Наш смышлёный и разбитной народ знает каждый поворот на своей стезе,
Вокруг белиберда, сыплются на голову матерные слова  все, некоторые остаются наедине,
Когда пусто на столе, спору нет: всякий воспринимает бред, как заблагорассудится,
Чему суждено быть, сбудется! Главное - держать себя в узде, и не позволять себе
Ездить на осле задом-наперёд и не переходить реку страсти вброд,
Чтоб, не дай бог, жизнь-алмаз не отвела бесстыжих глаз от тех,
Кто исправно творит грех!  В присутствии желаний всех надо было себя предоставить множеству утех,
Женщину на первую любовь похожую неспешно проводил в прихожую, почувствовал кожею,
Что она не удалась рожею, но согласится спать даже под старой рогожею,
Ей плевать на трудности, мне бы душу спасти, но не смог стареющий лох от соблазна уйти!

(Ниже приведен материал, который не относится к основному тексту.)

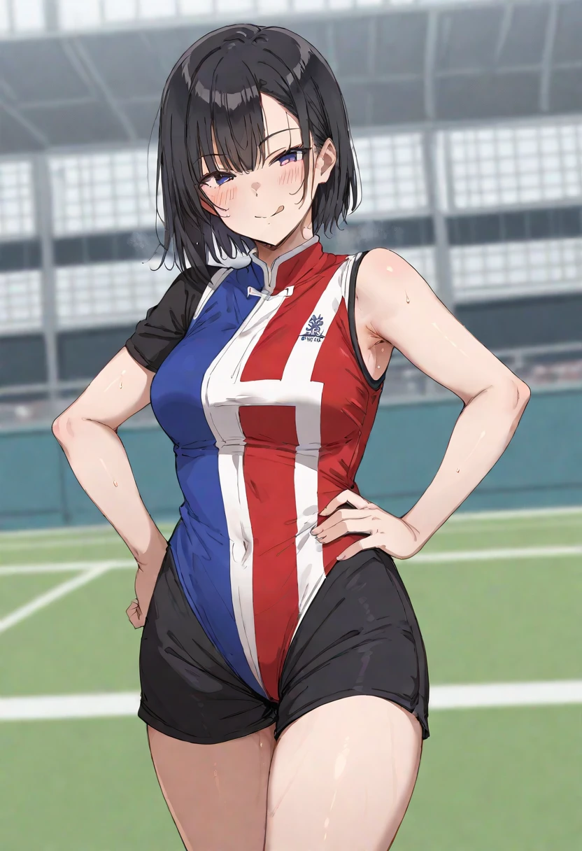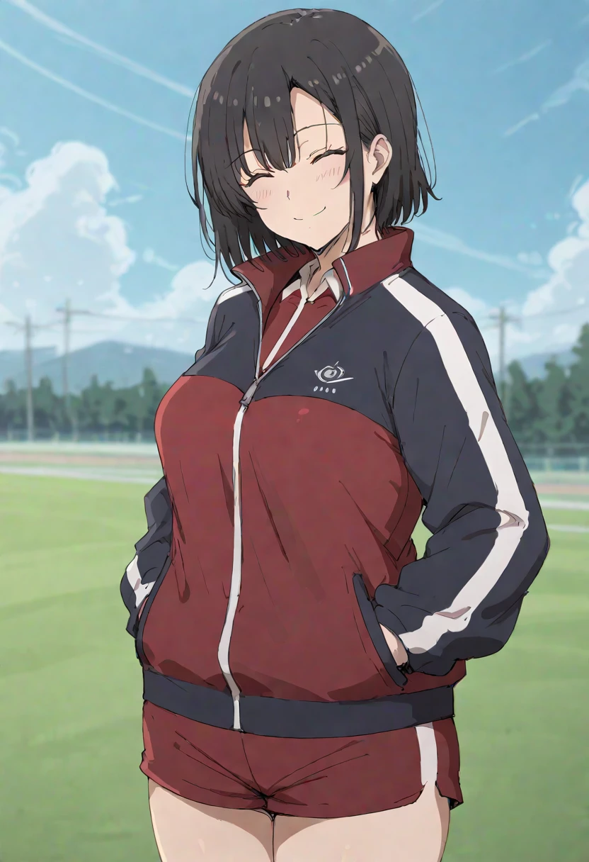 other outfit:track jacket,red shorts,white polo shirt,dolphin shorts

Неисповедимы господние пути! В этом возрасте ты сгораешь в миг страсти, как в хворосте,
Быстро снимаешь с женщины кофточку, ломаешь на лифчике косточку, приоткрываешь форточку,
И укладываешься с бабой кровать, страсть должна восторжествовать!
Начинается движение взад-вперёд, иначе не получишь наслаждение
И на бабе будешь встречать восход, хрен его разберет, когда и как 
Должен действовать божий раб перед тем, как бы в лучшем виде предстать
Перед толпой стройных и поджарых баб! Он был для них опорой и порукой,
Все бы хотели взять его детородный член в руки и в губы, его внешний вид
О многом знающим людям говорит, он велик, когда стоит, дрожит его кадык,
Стоит ему приблизиться к половым губам впритык, как меж женских глаз блеснёт алмаз,
Им в тотчас никто не указ, миром движет страсть и власть органа того,
Что до небес поднимает женское естество и вот оно стремительно поплыло навстречу злу!
Что же делать ему? Его жизнь оболгана, страсти кипят из-за детородного органа,
Ему податься некуда, судьба рекрута плоха, хотя он не очень стремится туда,
Куда не ходят поезда, его судьба расплывчата, он был отличником когда-то,
Ума палата, но мощь не та, что можно спросить со старика?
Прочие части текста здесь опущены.